EXERCISE DESCRIPTION | Please print nothing but the lines from the one containing "Izložba „Pegla. Čokolada." to the final line below, exactly, and no pictures.

THE DATA |
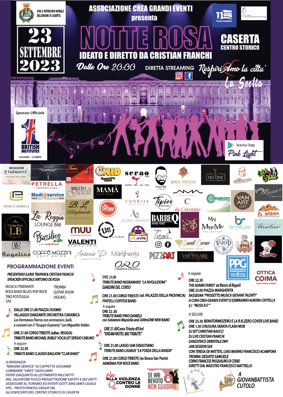 Alla conferenza stampa erano presenti il Vicesindaco e Assessore agli Eventi, Emiliano Casale, e l’ideatore e direttore dell’evento, Cristian Franchi. La “Notte Rosa” prevede spettacoli musicali a partire dalle ore 20 che interesseranno alcuni tra i luoghi più significativi del centro storico quali Corso Trieste, Piazza Dante, Piazza Gramsci e piazza Duomo. L’iniziativa è patrocinata dal Comune di Caserta, è stata organizzata dall’Associazione “Crea Grandi Eventi” con la partecipazione di numerosi esercizi commerciali del centro, che rimarranno aperti fino a tarda sera.
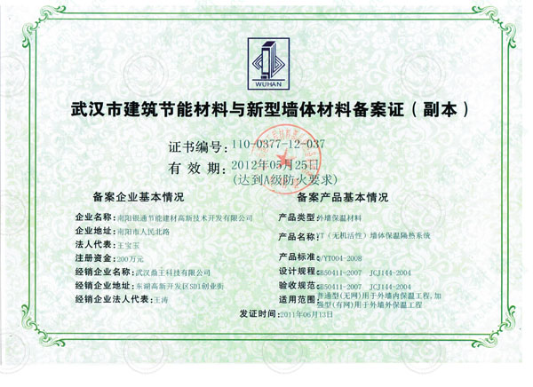 武漢市建筑節(jié)能材料與新型墻體材料備案證
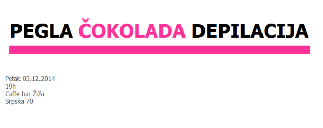 Izložba „Pegla. Čokolada. Depilacija.“ će se održati u kafiću Žiža, sutra, 5.12.2014. s početkom u 19 časova.
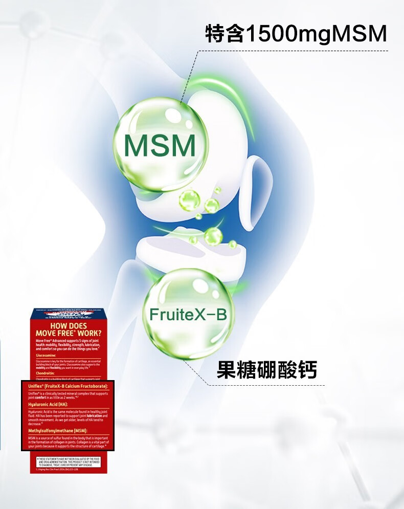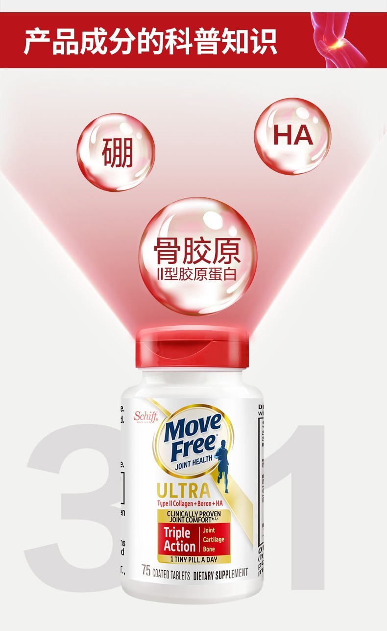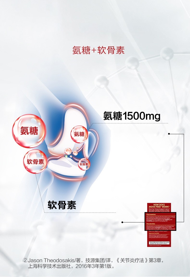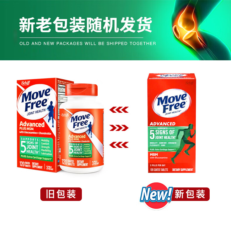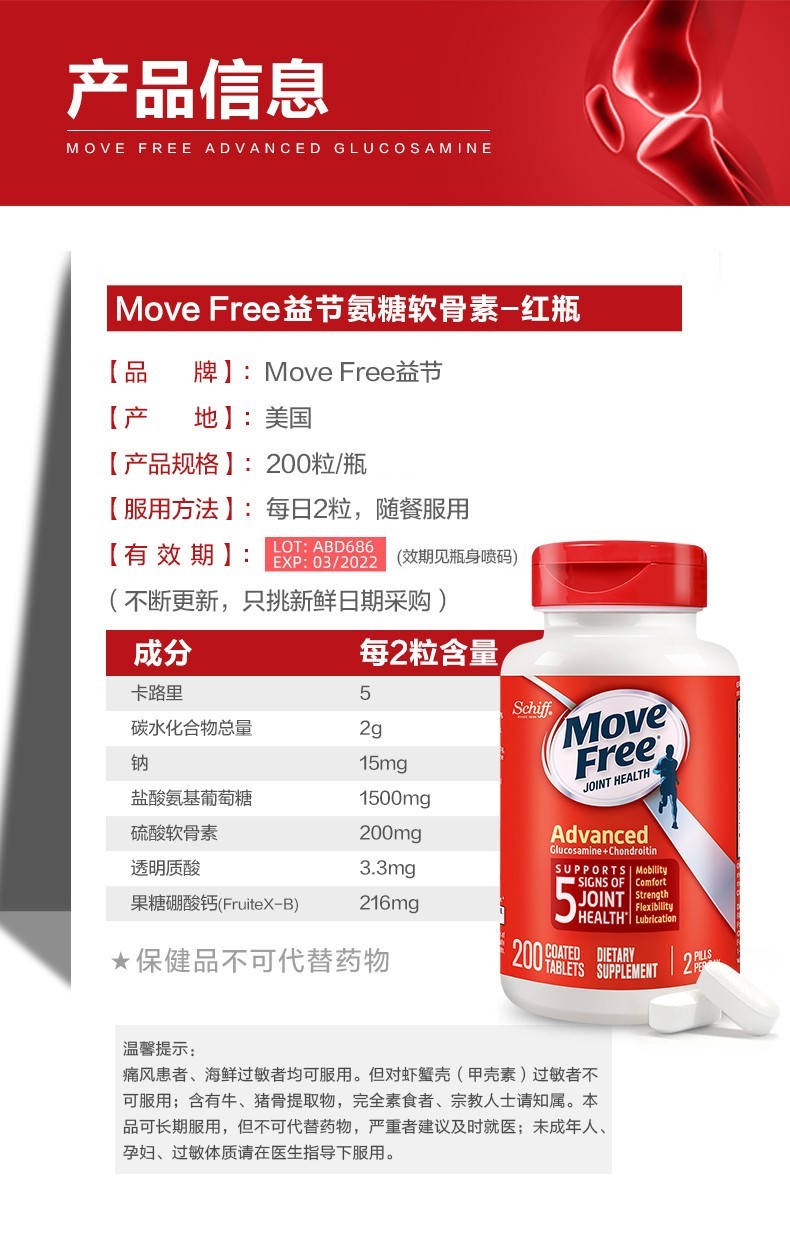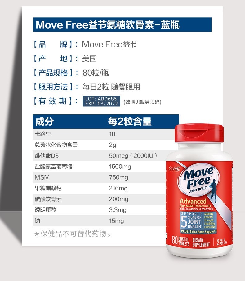 Move Free益节 维骨力氨糖软骨素钙片含MSM成人中老年人 术后修复+补钙
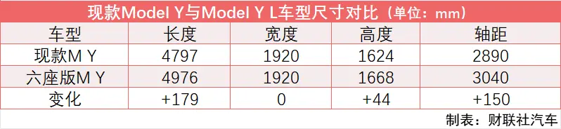 與現款在售Model Y相比,六座版新車長度由4797mm加長179mm至4976mm;軸距及高度等亦有增加。

SOLUTION TO THIS EXERCISE |
 Izložba „Pegla. Čokolada. Depilacija.“ će se održati u kafiću Žiža, sutra, 5.12.2014. s početkom u 19 časova.
 Move Free益节 维骨力氨糖软骨素钙片含MSM成人中老年人 术后修复+补钙
 與現款在售Model Y相比,六座版新車長度由4797mm加長179mm至4976mm;軸距及高度等亦有增加。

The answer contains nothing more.